Baca: Amerika Serikat Veto Resolusi Indonesia di DK PBB Terkait Penanganan Teroris Asing
Ia menambahkan, apalagi resolusi yang diusulkan Indonesia itu untuk mendorong pendekatan pemerintah secara proaktif dan mengakui peran yang dapat dimainkan oleh keluarga dan organisasi masyarakat sipil, pemimpin agama, termasuk mendorong partisipasi penuh dan kepemimpinan perempuan.
Rancangan resolusi menyerukan kepada negara-negara anggota untuk menangani kondisi yang kondusif bagi penyebaran terorisme, termasuk dengan mencegah radikalisme dan mendorong kolaborasi erat, peningkatan kapasitas dan berbagi pengalaman tentang penuntutan, rehabilitasi dan langkah-langkah reintegrasi, termasuk penyelidikan kriminal, penyelidikan bersama, dan pencegahan radikalisasi di penjara.
Rancangan resolusi juga meminta negara-negara anggota untuk mengembangkan alat penilaian dan risiko, metodologi standar, dan mekanisme pengawasan.
Untuk Indonesia sendiri, PRR merupakan bagian integral dari pendekatan komprehensif dalam menyikapi ancaman teroris.
"Pendekatan ini sangat penting dalam upaya kontra-terorisme secara keseluruhan dan oleh karena itu harus menjadi salah satu prioritas Dewan Keamanan. Tanpa tindakan PRR yang komprehensif, ada risiko signifikan bahwa teroris dapat jatuh ke dalam siklus residivisme yang tak ada habisnya," jelas dia.
Menurut Djani, Resolusi PRR jika diadopsi, akan menjadi alat kunci bagi Dewan, dan semua Negara Anggota PBB, serta sistem PBB, untuk memiliki strategi yang komprehensif dan berjangka panjang dalam melawan aksi teroris dan ekstremisme kekerasan yang kondusif serta mencegah terulangnya aksi teroris.

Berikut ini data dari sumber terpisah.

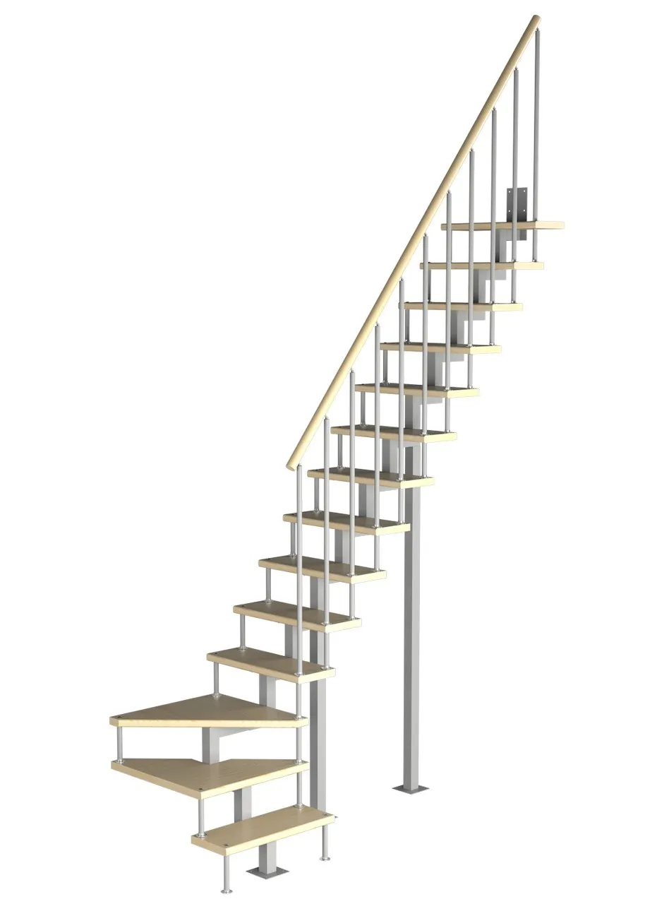 Модульная малогабаритная лестница Линия 2700-2925, Белый, Лиственница, Нержавеющая сталь

"Oleh karena itu, kegagalan Dewan untuk mengadopsi resolusi penting ini tidak hanya melumpuhkan upaya kolektif kita untuk menghadapi ancaman terorisme, tetapi yang paling penting juga mengirimkan sinyal yang merusak bahwa Dewan, untuk pertama kalinya, tidak bersatu dalam perang melawan momok. terorisme," ungkap Djani.
Faktanya, inisiatif Indonesia atas rancangan resolusi PRR mendapatkan dukungan luar biasa dari hampir semua anggota Dewan. Ini adalah bukti yang jelas dan kuat tentang nilai dan substansi yang ditawarkannya.
Meskipun mayoritas anggota setuju dengan inisiatif penting ini, sayangnya ada anggota Dewan yang memiliki pandangan yang berlawanan tentang apa yang terbaik untuk dunia dan bagaimana Dewan harus bergerak maju. Hikmat banyak orang tampaknya diabaikan.
"Upaya kolektif kami untuk menemukan resolusi Dewan yang berarti tentang PRR tidak boleh berakhir di sini dan sekarang. Kami berpandangan bahwa ke depan isu penting seperti ini akan terus mendapatkan rasa hormat dan dukungan dari semua anggota Dewan, mengingat yang dipertaruhkan adalah keselamatan dan keamanan umat manusia," terangnya.
"Perlu diketahui bahwa dunia akan lebih aman dengan rancangan resolusi ini, namun, kami kehilangan kesempatan berharga dengan tidak mengadopsinya hari ini," sambung Djani.